* TASK INPUTS:
● ● ● ● ●

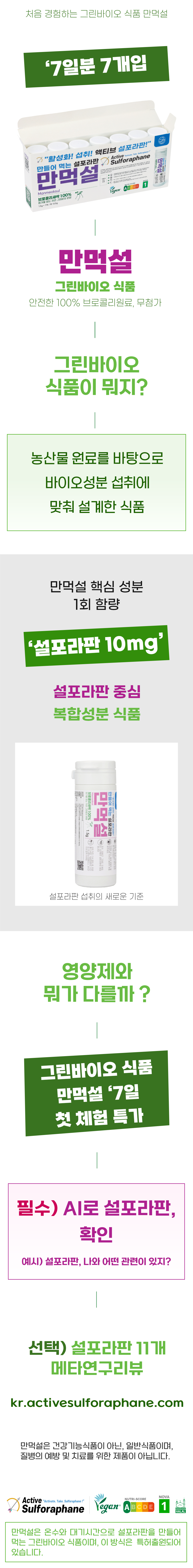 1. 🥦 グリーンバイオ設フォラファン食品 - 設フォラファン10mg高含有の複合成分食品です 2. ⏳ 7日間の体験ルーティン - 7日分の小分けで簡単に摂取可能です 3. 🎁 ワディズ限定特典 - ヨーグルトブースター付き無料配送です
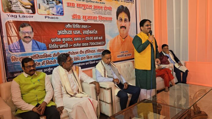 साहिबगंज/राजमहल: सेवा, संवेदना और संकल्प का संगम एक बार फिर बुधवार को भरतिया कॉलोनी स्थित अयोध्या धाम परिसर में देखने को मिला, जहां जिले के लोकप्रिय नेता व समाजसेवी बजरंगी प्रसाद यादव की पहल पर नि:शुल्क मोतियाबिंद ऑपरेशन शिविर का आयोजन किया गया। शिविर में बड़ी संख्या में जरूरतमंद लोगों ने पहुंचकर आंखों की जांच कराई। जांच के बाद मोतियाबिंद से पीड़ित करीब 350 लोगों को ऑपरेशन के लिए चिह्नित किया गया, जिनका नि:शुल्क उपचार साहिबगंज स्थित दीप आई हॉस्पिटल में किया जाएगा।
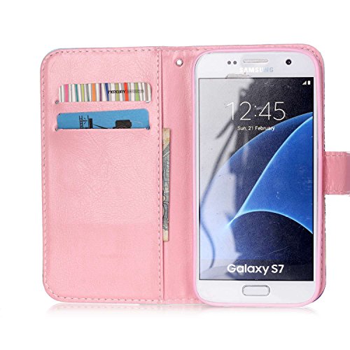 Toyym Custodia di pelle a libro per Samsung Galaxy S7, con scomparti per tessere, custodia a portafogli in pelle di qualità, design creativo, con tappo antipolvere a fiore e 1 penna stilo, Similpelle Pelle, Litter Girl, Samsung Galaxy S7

● ● ● ● ●

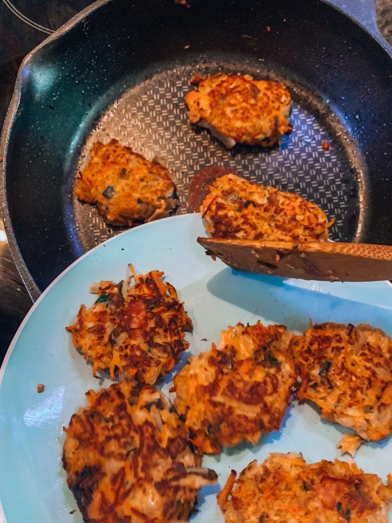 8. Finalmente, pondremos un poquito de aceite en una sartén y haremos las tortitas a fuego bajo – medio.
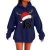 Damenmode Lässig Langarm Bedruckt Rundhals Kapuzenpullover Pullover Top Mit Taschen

● ● ● ● ●

* WORK INSTRUCTION: Every line above from the one with "1. 🥦 グリーンバイオ設フォラファン食品" down to the one with "Toyym Custodia di" must be written out exactly, and no picture may appear.

* REPLY:
 1. 🥦 グリーンバイオ設フォラファン食品 - 設フォラファン10mg高含有の複合成分食品です 2. ⏳ 7日間の体験ルーティン - 7日分の小分けで簡単に摂取可能です 3. 🎁 ワディズ限定特典 - ヨーグルトブースター付き無料配送です
 साहिबगंज/राजमहल: सेवा, संवेदना और संकल्प का संगम एक बार फिर बुधवार को भरतिया कॉलोनी स्थित अयोध्या धाम परिसर में देखने को मिला, जहां जिले के लोकप्रिय नेता व समाजसेवी बजरंगी प्रसाद यादव की पहल पर नि:शुल्क मोतियाबिंद ऑपरेशन शिविर का आयोजन किया गया। शिविर में बड़ी संख्या में जरूरतमंद लोगों ने पहुंचकर आंखों की जांच कराई। जांच के बाद मोतियाबिंद से पीड़ित करीब 350 लोगों को ऑपरेशन के लिए चिह्नित किया गया, जिनका नि:शुल्क उपचार साहिबगंज स्थित दीप आई हॉस्पिटल में किया जाएगा।
 Toyym Custodia di pelle a libro per Samsung Galaxy S7, con scomparti per tessere, custodia a portafogli in pelle di qualità, design creativo, con tappo antipolvere a fiore e 1 penna stilo, Similpelle Pelle, Litter Girl, Samsung Galaxy S7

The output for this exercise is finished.